MATERIALS PROVIDED:
'''

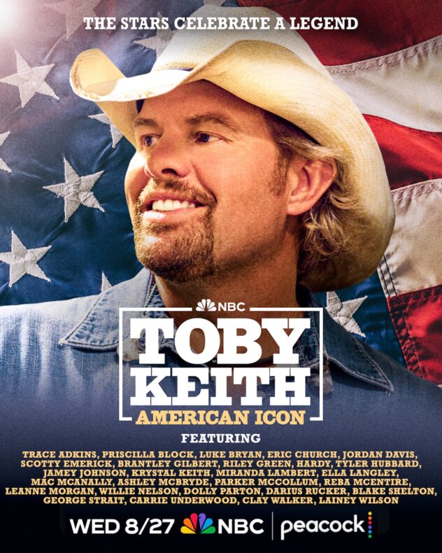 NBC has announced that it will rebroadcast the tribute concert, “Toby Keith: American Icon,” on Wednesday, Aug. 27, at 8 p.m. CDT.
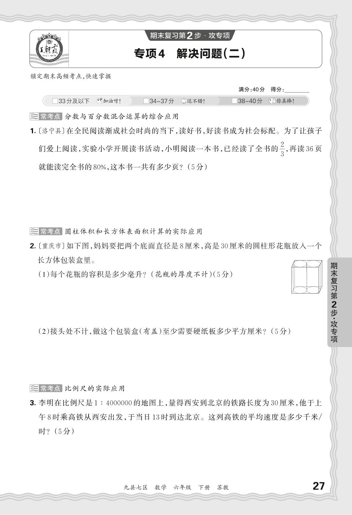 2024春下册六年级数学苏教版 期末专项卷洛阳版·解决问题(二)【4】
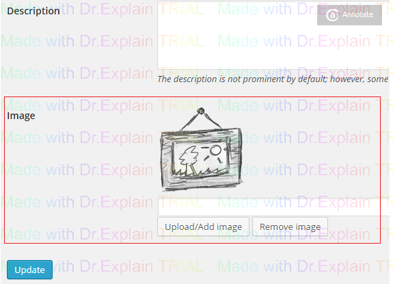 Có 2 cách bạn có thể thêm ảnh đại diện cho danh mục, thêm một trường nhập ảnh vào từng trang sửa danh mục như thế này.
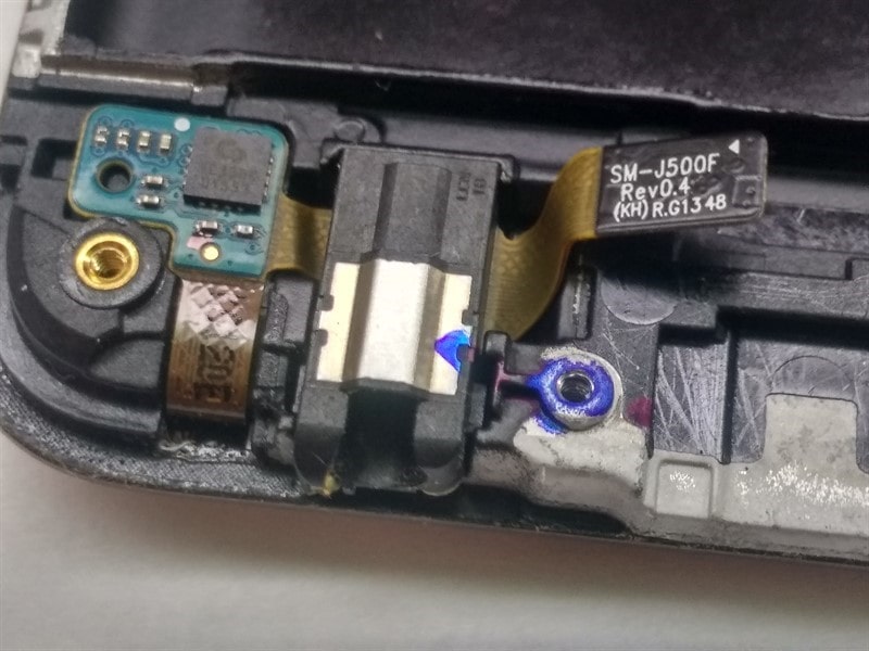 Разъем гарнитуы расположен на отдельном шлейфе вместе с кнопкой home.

'''
'''

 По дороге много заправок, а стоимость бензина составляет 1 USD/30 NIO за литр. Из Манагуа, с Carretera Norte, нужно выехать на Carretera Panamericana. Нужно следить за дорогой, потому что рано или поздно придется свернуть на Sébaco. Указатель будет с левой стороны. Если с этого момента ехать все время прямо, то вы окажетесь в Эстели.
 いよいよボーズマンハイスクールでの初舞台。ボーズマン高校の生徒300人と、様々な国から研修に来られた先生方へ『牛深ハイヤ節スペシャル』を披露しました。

'''
'''

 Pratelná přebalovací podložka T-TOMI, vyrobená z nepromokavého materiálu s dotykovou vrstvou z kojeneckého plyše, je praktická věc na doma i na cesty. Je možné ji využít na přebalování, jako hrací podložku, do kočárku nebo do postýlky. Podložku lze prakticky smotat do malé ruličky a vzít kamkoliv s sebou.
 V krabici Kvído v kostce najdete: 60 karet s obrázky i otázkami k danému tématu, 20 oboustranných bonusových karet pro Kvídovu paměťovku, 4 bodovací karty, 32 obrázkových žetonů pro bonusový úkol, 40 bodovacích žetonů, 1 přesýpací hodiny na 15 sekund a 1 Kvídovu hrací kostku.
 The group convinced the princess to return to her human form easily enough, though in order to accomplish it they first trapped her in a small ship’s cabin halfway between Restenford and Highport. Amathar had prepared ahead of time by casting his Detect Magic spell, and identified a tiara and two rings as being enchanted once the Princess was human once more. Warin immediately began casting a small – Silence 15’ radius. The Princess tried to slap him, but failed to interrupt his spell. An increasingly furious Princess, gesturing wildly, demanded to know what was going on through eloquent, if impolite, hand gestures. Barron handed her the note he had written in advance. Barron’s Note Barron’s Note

'''

WHAT YOU HAVE TO DO:
When you reach the line with "2024春下册六年级数学苏教版 期末专项卷洛阳版·解决问题(二)【4】" in the records above, begin repeating the lines exactly, and stop after the line with "Разъем гарнитуы расположен". Skip all pictures.

SOLUTION TO THE PROBLEM:
 2024春下册六年级数学苏教版 期末专项卷洛阳版·解决问题(二)【4】
 Có 2 cách bạn có thể thêm ảnh đại diện cho danh mục, thêm một trường nhập ảnh vào từng trang sửa danh mục như thế này.
 Разъем гарнитуы расположен на отдельном шлейфе вместе с кнопкой home.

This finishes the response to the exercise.